首页 > > 详细

CSCI 1100辅导、Python程序语音辅导

CSCI 1100 — Computer Science 1 Homework 4
Loops and Lists; Passwords and Quarantine
Overview
This homework is worth 100 points total toward your overall homework grade. It is due Thursday,
October 13, 2022 at 11:59:59 pm. As usual, there will be a mix of autograded points, instructor
test case points, and TA graded points. There are two parts in the homework, each to be submitted
separately. All parts should be submitted by the deadline or your program will be considered late.
See the handout for Submission Guidelines and Collaboration Policy for a discussion on grading
and on what is considered excessive collaboration. These rules will be in force for the rest of the
semester.
You will need the utilities and data files we provide in hw4_files.zip, so be sure to download this
file from the Course Materials section of Submitty and unzip it into your directory for HW 4.
Module hw4_util.py is written to help you read information from the files. You do not need to
know how functions provided in hw4_util.py are implemented (but feel free to examine the code,
if you are interested), you can simply use them.

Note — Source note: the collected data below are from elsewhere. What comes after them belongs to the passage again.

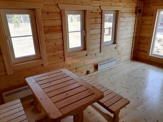 Окна мы устанавливаем настоящие деревянные стеклопакеты с фурнитурой как на пластиковых окнах, дерево используется клееное, повторюсь, не имитация деревянных стеклопакетов, а именно качественные окна.
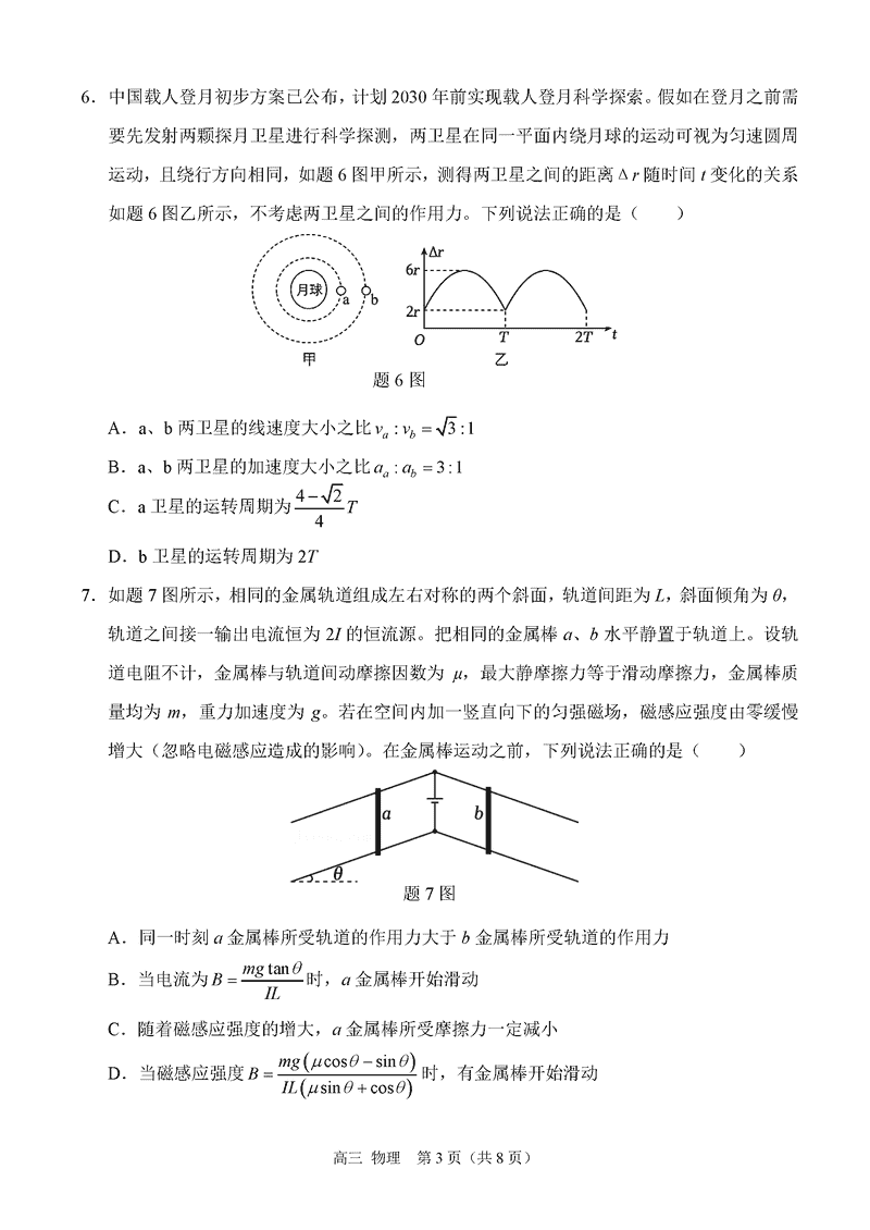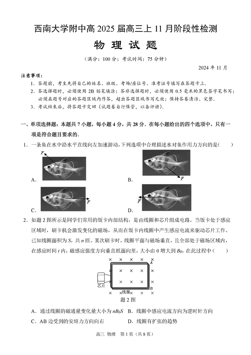 重庆西南大学附中2025届高三上学期11月阶段性检测(二)物理考试已于近日开考,为方便考生考后及时查看考试情况,查漏补缺、弥补不足,本文整理了试题答案解析相关信息!
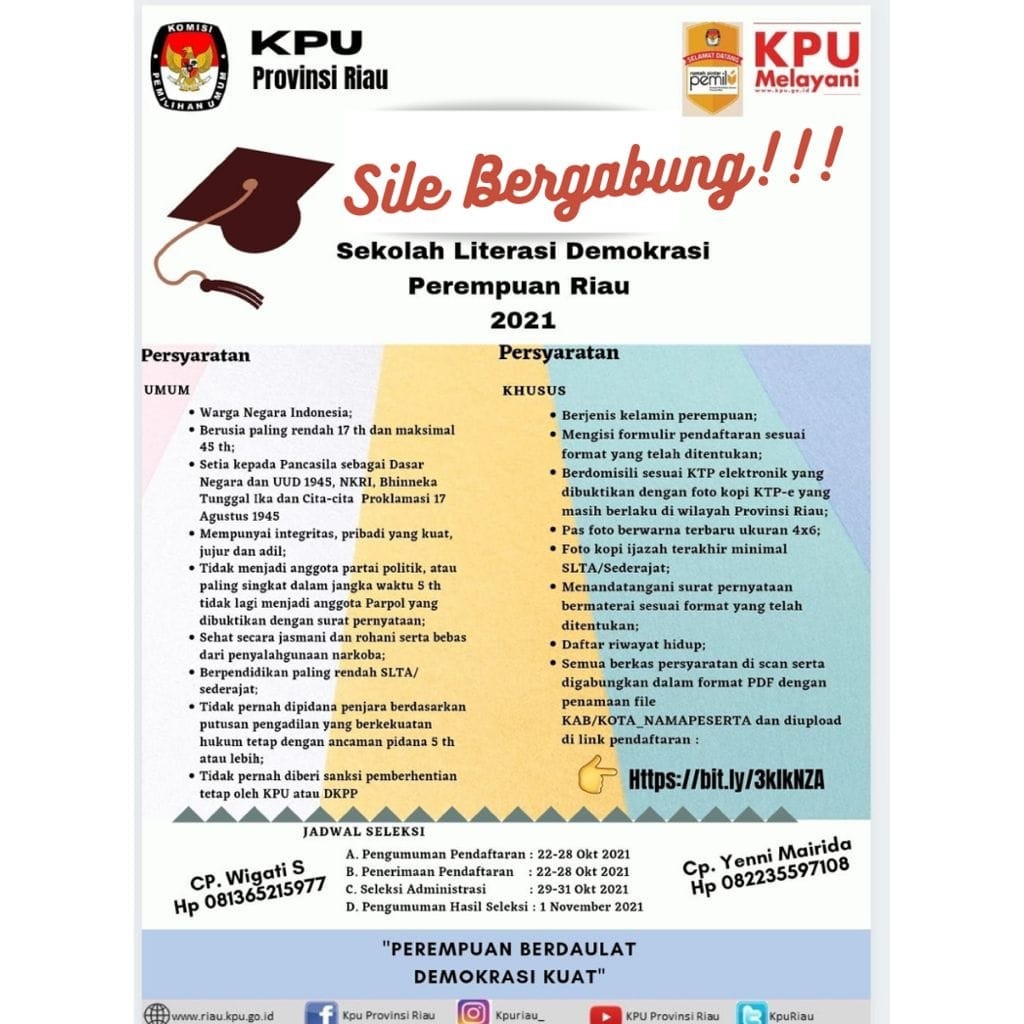 Kegiatan akan diikuti oleh 240 orang perempuan se-Provinsi Riau, dengan kuota 20 orang setiap Kabupaten/Kota. Peserta yang berminat dapat mendaftar melalui tautan berikut https://bit.ly/3kIkNZA. Untuk kelengkapan formulir pendaftaran dapat diunduh pada https://bit.ly/3njY4mP. Informasi lebih lanjut dapat menghubungi no WA Wigati Iswandhiari 081365215977 dan Yenni Mairida 08223559108.
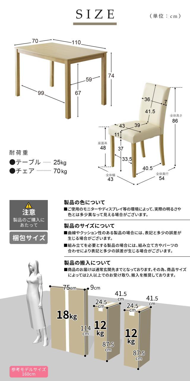 テーブル:幅110×奥行70×高さ74(cm) チェア:幅43×奥行54×高さ86×座面高48(cm)
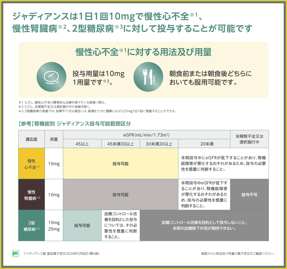 ジャディアンスは1日1回10mgで慢性心不全※1、慢性腎臓病※2、 2型糖尿病に対して投与することが可能です。
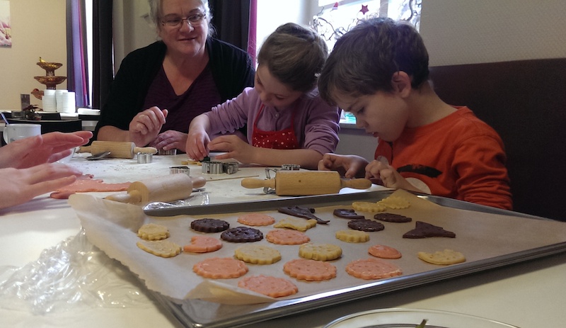Es ist ein schönes vorweihnachtliches Beisammensein, das jedes Jahr im Dezember in der Jugendherberge Leer den Seminarraum oder auch den Speisesaal in eine Weihnachtsbäckerei verwandelt. Das gemeinsame Backen gehört zum Familienprogramm „Ostfriesische Weihnachten„, bei dem Omas, Papas, Tanten, Kinder und Geschwister zusammen ein Wochenende in der Jugendherberge Leer verbringen, um die Adventszeit in der festlich geschmückten Stadt mit ihrem lichterreichen Weihnachtsmarkt zu genießen. Auch in der historischen Jugendherberge im Herzen der Altstadt ist der Zauber der Festtage zu spüren – der Duft der selbstgebackenen Plätzchen gehört dazu. Gestern war es wieder soweit: es wurde geknetet und gekleckst.
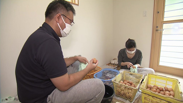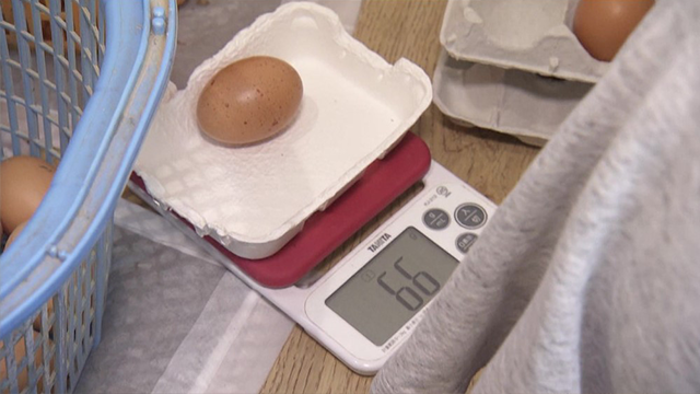 淳一さんとあゆみさんは毎朝、鶏舎で卵を集めます。集めた卵は、ひとつひとつ丁寧に検品され、サイズごとパックに詰められます。この作業を続けてきた淳一さんとあゆみさんは、卵を持っただけで重さがわかるようになってきたそうです。
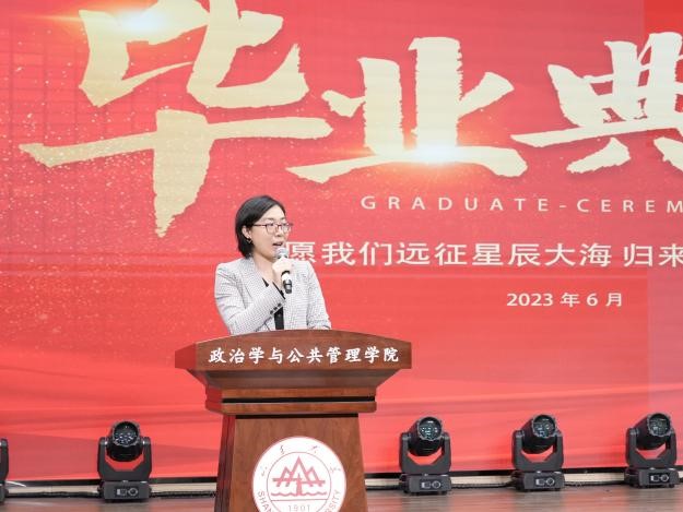 随后,政管学院副院长朱贵昌宣读《304永利集团官网入口关于表彰2023届校级优秀毕业生的决定》,学院党委副书记石莹、学院副院长赵婷分别为2023届校级优秀研究生毕业生代表、2023届校级优秀本科生毕业生代表颁发获奖证书。
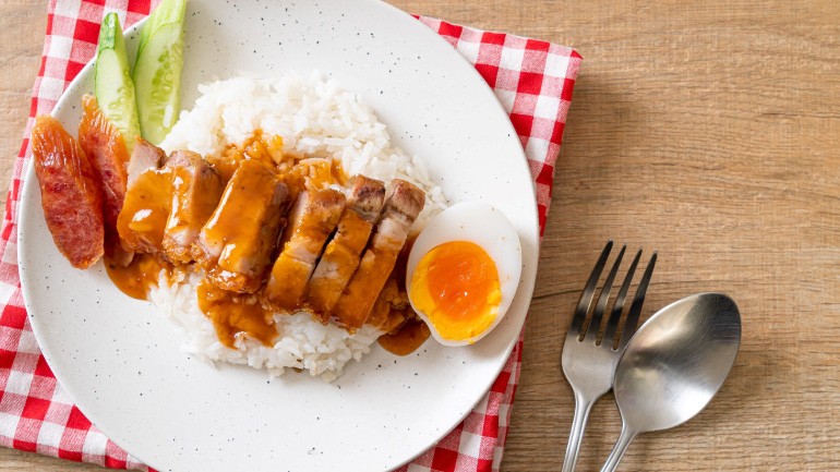 วัตถุดิบแสนล้ำค่าอย่าง หมูสามชั้น ก็ต้องนำมาสร้างเมนูยอดนิยมอย่าง “ข้าวหมูกรอบ”
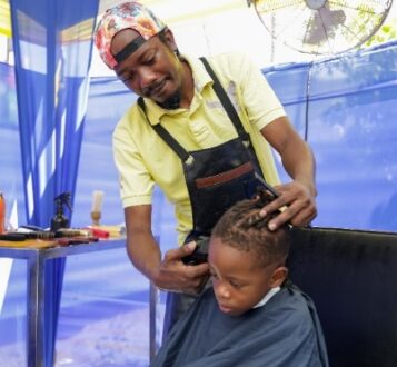 (Tahjari Taffi, four-year-old student from Lime Hall Infant Primary & Infant School, gets a dapper fade from local entrepreneur Mark Thomas, owner of StarsCut Barbershop, at the NCB Back-to-School Fair at its St Ann’s Bay branch.)
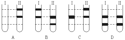 在氮源为14N的培养基上生长的大肠杆菌,其中DNA分子均为14N-DNA,在氮源为15N培养基上生长的大肠杆菌,其中DNA分子均为15N-DNA。若将 14N-DNA、15N-DNA以及14N、15N-DNA混在一起,用某种方法离心分离,其结果如上图所示。现将 15N-DNA转移到含14N的培养基上,再连续繁殖两代(Ⅰ和Ⅱ)后,将所得DNA采用同样的方法进行离心分离,则结果可用图下列哪一图表示
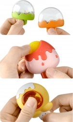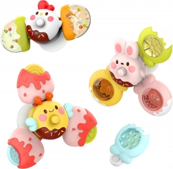 WOOPIE érzékszervi pörgettyűk minden gyermeket elbűvölnek. Ez a készlet 3 különböző pörgettyűt tartalmaz: méh, csibe és nyuszi, amelyeket a gyerekek gumis tapadókorongokkal sima felületre rögzíthetnek és bárhová magukkal vihetnek.
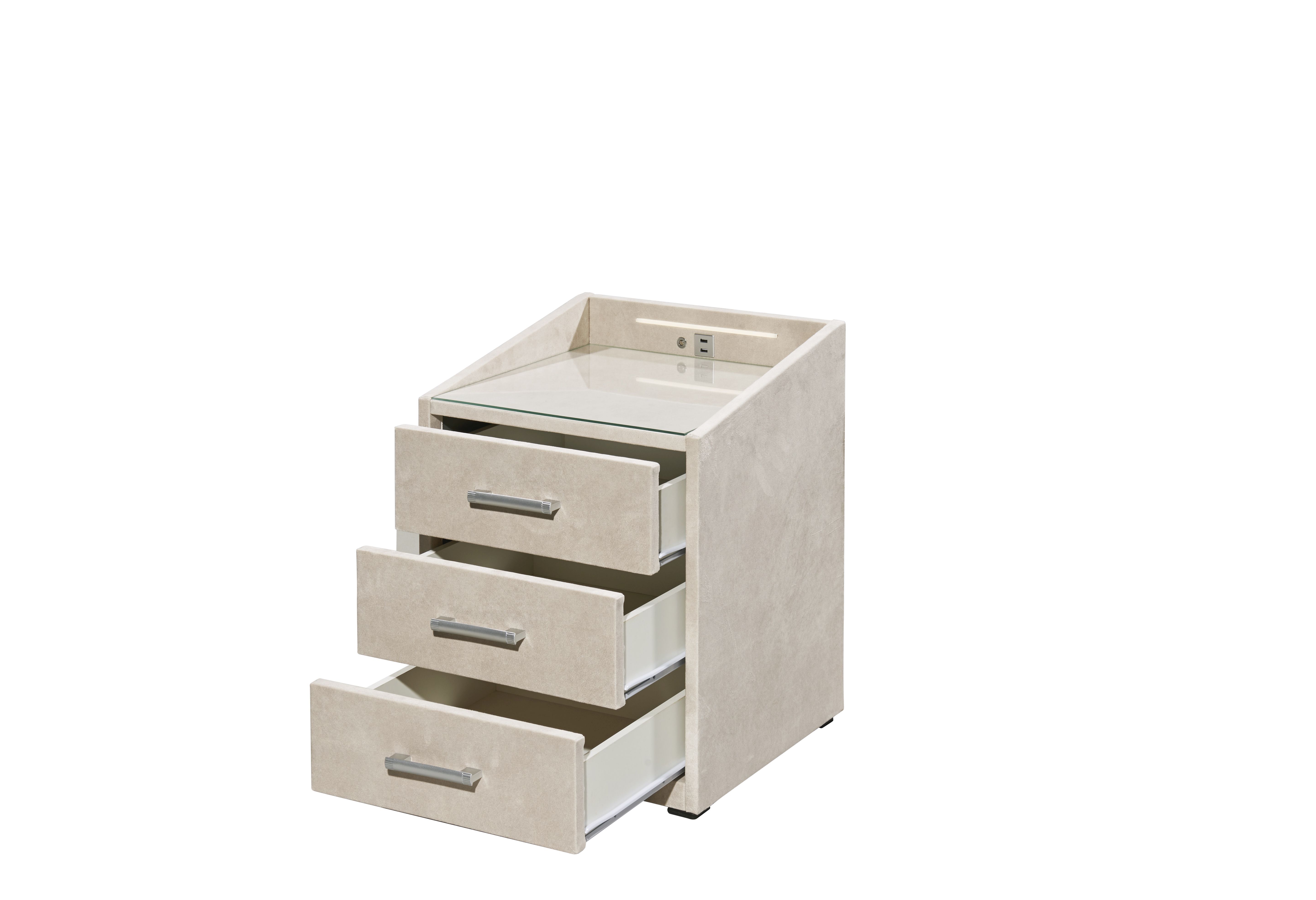 | Ausstattung Kommoden Phono Büro Regal: | Glasplatte, Schublade(n), inkl. Beleuchtung, inkl. USB-Anschluss | ||

Final note, you will need to use loops in this assignment. We will leave the choice of the loop type
up to you. Please feel free to use while loops or for loops depending on the task and your personal
preference.
Part 1 — Password Strength
Often when you create a password it is judged for its strength. The estimate of strength is compute
by applying several rules — about the length of the password, the presence of certain types of
characters, its match against common passwords, and even its match against license plates. In this
part of the homework you will implement a few simple strength judgment rules and then determine
if a password is to be rejected, or rated poor, fair, good or excellent.
Your program should start by asking for and reading in a password. The program should then
evaluate the password based on the following rules. Each rule contributes to a numerical score
(which starts at 0):
1. Length: If the password is 6 or 7 characters long then add 1 to the score; if it is 8, 9 or 10
characters long then add 2; and longer than 10 add 3.
2. Case: If it contains at least two upper case letters and two lower case letters add 2 to the
score, while if it contains at least one of each, add 1 to the score.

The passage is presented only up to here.